I was right about the pondering. Their initial response was almost always ‘Bloody good question!’ or words to that effect. The trouble was that it often seemed to be a cue for them to launch into a rant and moan about faded, camouflaged and absent house numbers – generally ending with something like ‘Anyone would think they were doing it on purpose!’ which as far as I was concerned was where we’d started. Trying a more devious tack, I would then ask the drivers if their own houses were clearly labelled. At this, most of them looked a bit sheepish and admitted that no, come to think of it, their own house numbers and names were not particularly conspicuous. Why not? Why had they not painted their house number or name in big, bold lettering on the front door or gatepost? Well, it would look a bit odd, a bit flash; it would stand out, it would be drawing attention; and anyway they practically never took taxis, and their house was not hard to find, and all their friends and family knew where they were – and other lame excuses (much the same excuses, in fact, as those I received when I put this question to non-taxi-driving householders).

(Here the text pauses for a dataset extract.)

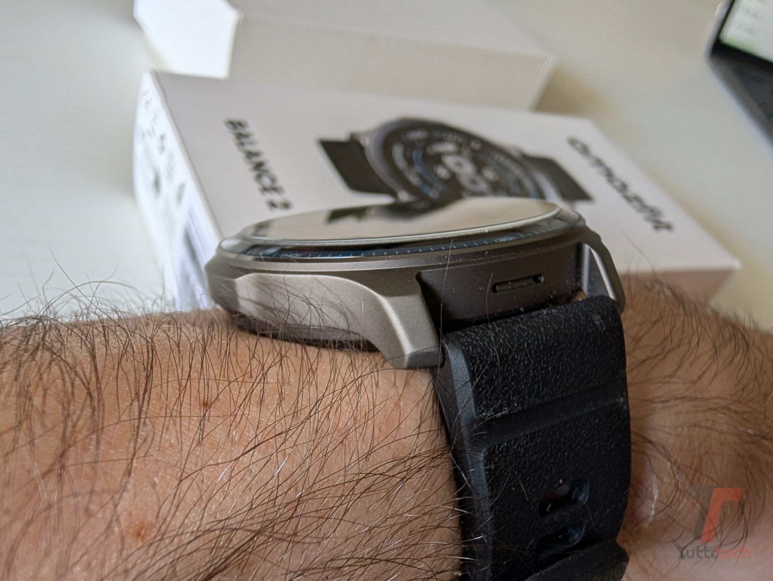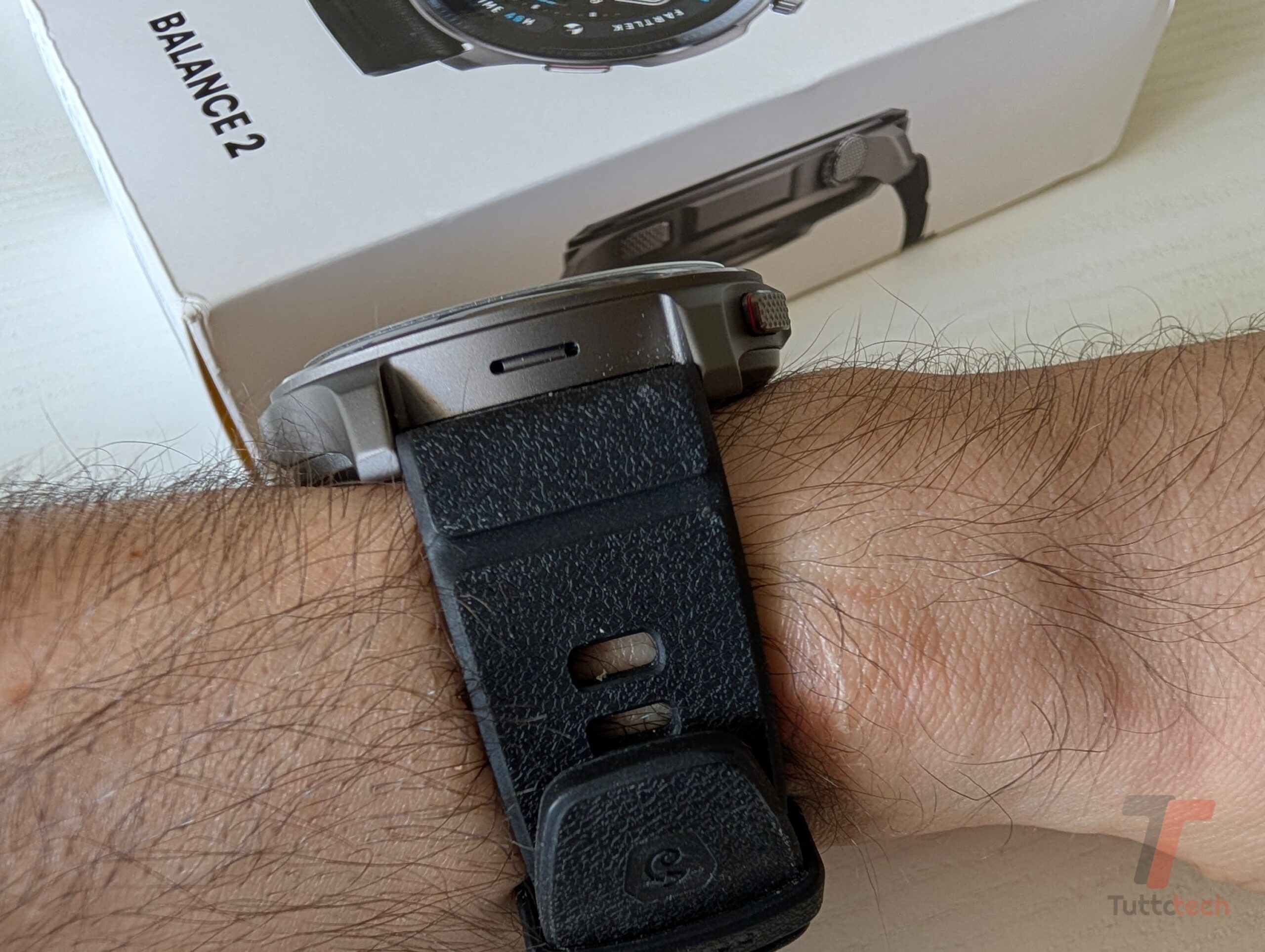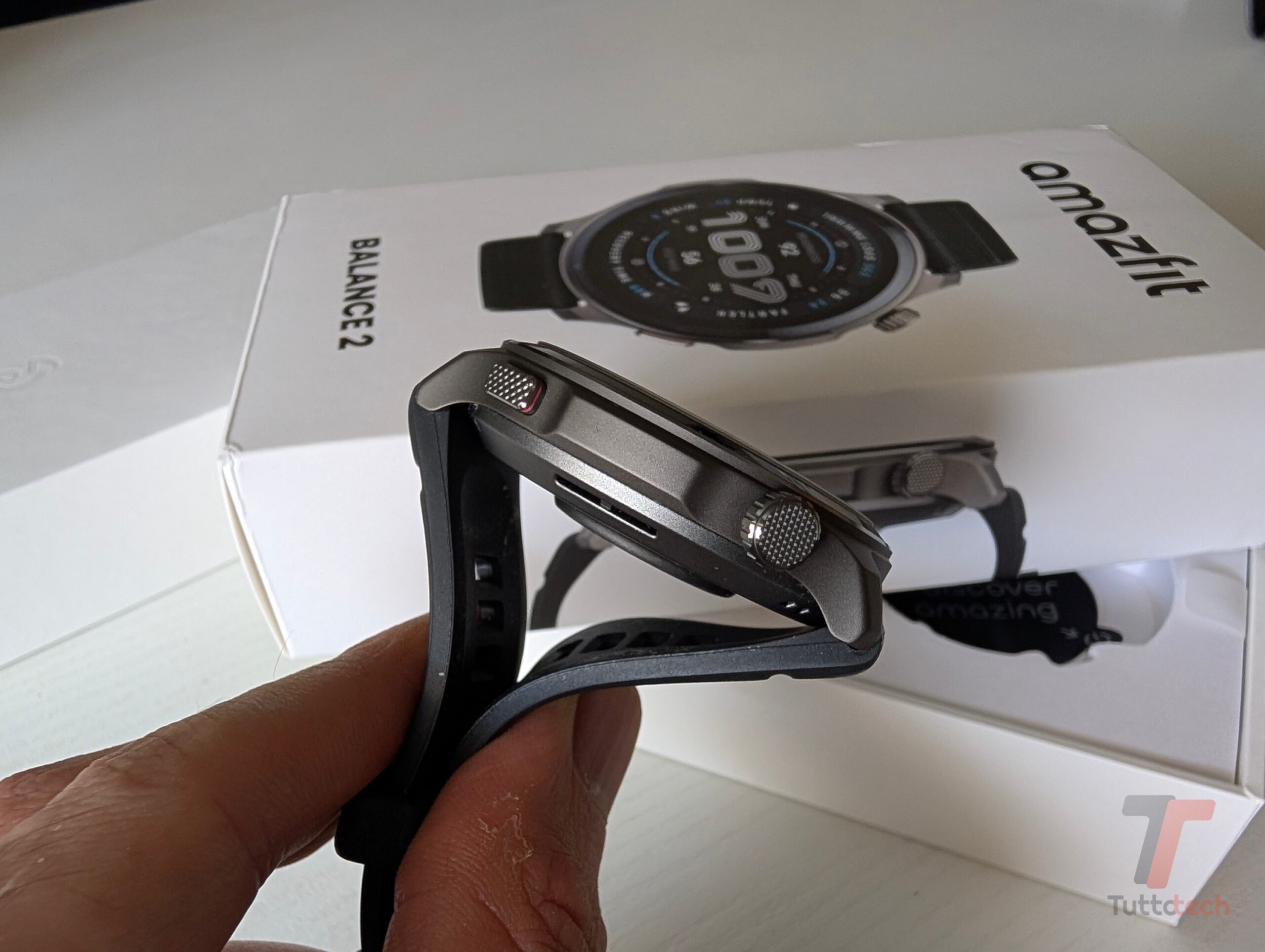 Amazfit Balance 2 riprende il design e la cassa del modello precedente e li aggiorna in chiave moderna, così da offrire un look capace di far contenti tutti, innovatori e nostalgici, e una maggiore robustezza a livello costruttivo, così da risultare alla vista e al tatto ancora più solido. E lui, infatti, è bello da vedere col suo aspetto da orologione elegante-sportivo ed è roccioso a livello fisico grazie a un assemblaggio impeccabile e a materiali di prima qualità, come alluminio, policarbonato e vetro zaffiro; in mano e al polso è veramente solido e lo è anche nell’uso di tutti i giorni, non mostrando segni di usura dopo settimane di utilizzo. Il rovescio della medaglia è che risulta bello massiccio e più grande e pesante del modello precedente, arrivando a misurare 47,4 x 47,4 x 12,3 mm e a pesare 43 g.
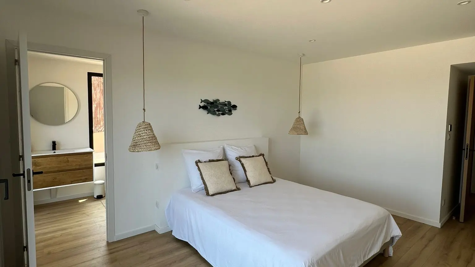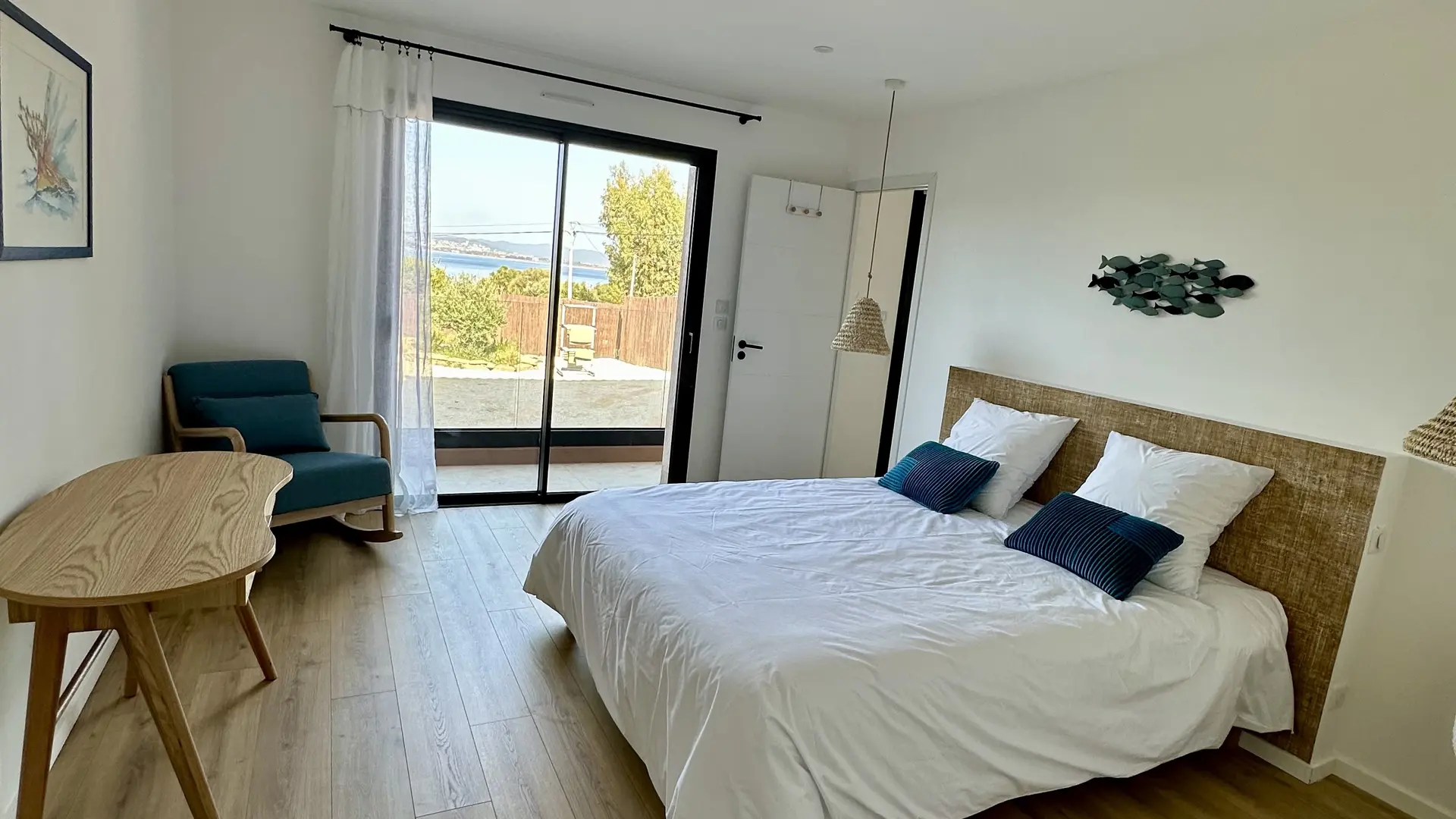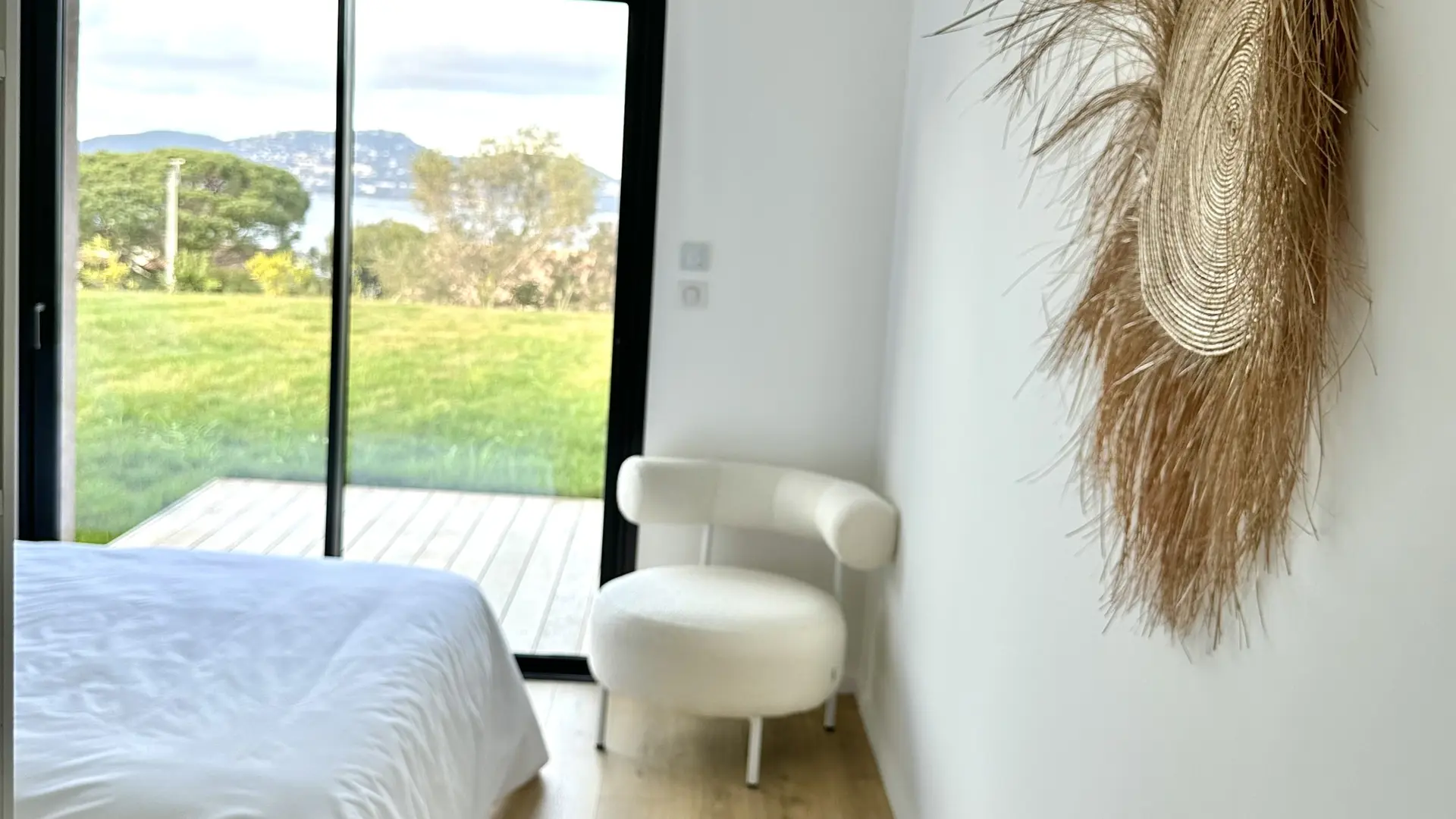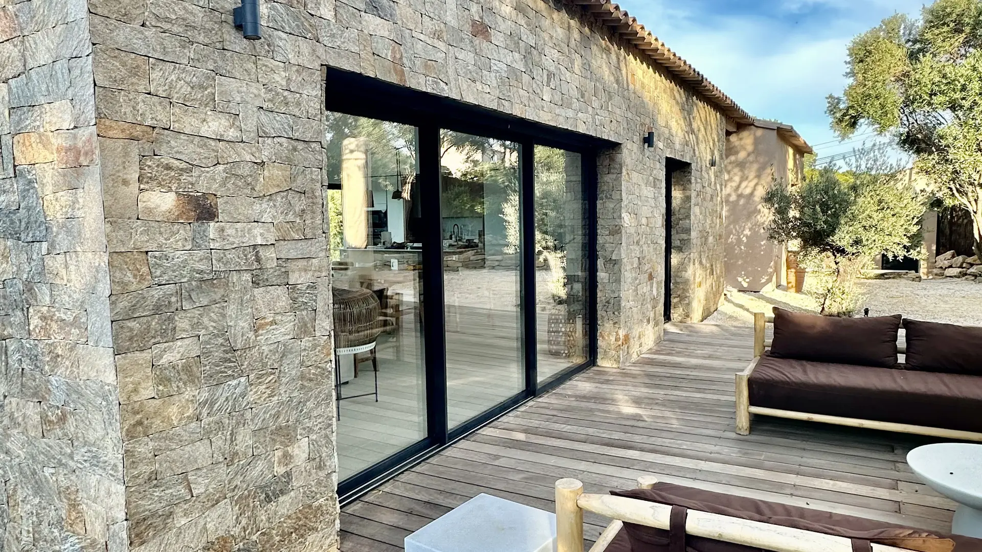 Construite en 2024 selon l’inspiration de ses propriétaires, la villa s’intègre harmonieusement dans son environnement naturel. Elle offre tout le confort moderne tout en respectant un esprit provençal, avec des teintes naturelles qui évoquent l’atmosphère de la presqu’île. Son jardin, planté d’oliviers centenaires ainsi que d’essences méditerranéennes et provençales, embaume les alentours avec des senteurs de thym, romarin et lavande. Un verger y trouve également sa place, avec des citronniers, orangers et un figuier, parsemé de figuiers de Barbarie.

Apart from reminding me that there is an element of typically English reserve in our reluctance to display our house numbers, as well as a fixation with privacy, my initial taxi-driver interviews were not terribly helpful, but I persisted, and eventually one gave a succinct and astute response. He explained: ‘An Englishman’s home is his castle, right? He can’t actually have the moat and drawbridge, but he can make it bloody difficult to get to’. From then on, I thought of the English practice of concealing our house numbers as ‘the moat-and-drawbridge rule’.
But an Englishman’s home is much more than just his castle, the embodiment of his privacy rules, it is also his identity, his main status-indicator and his prime obsession. And the same goes for English women. This is why a house is not just something that you passively ‘have’, it is something that you ‘do’, something that you ‘work on’.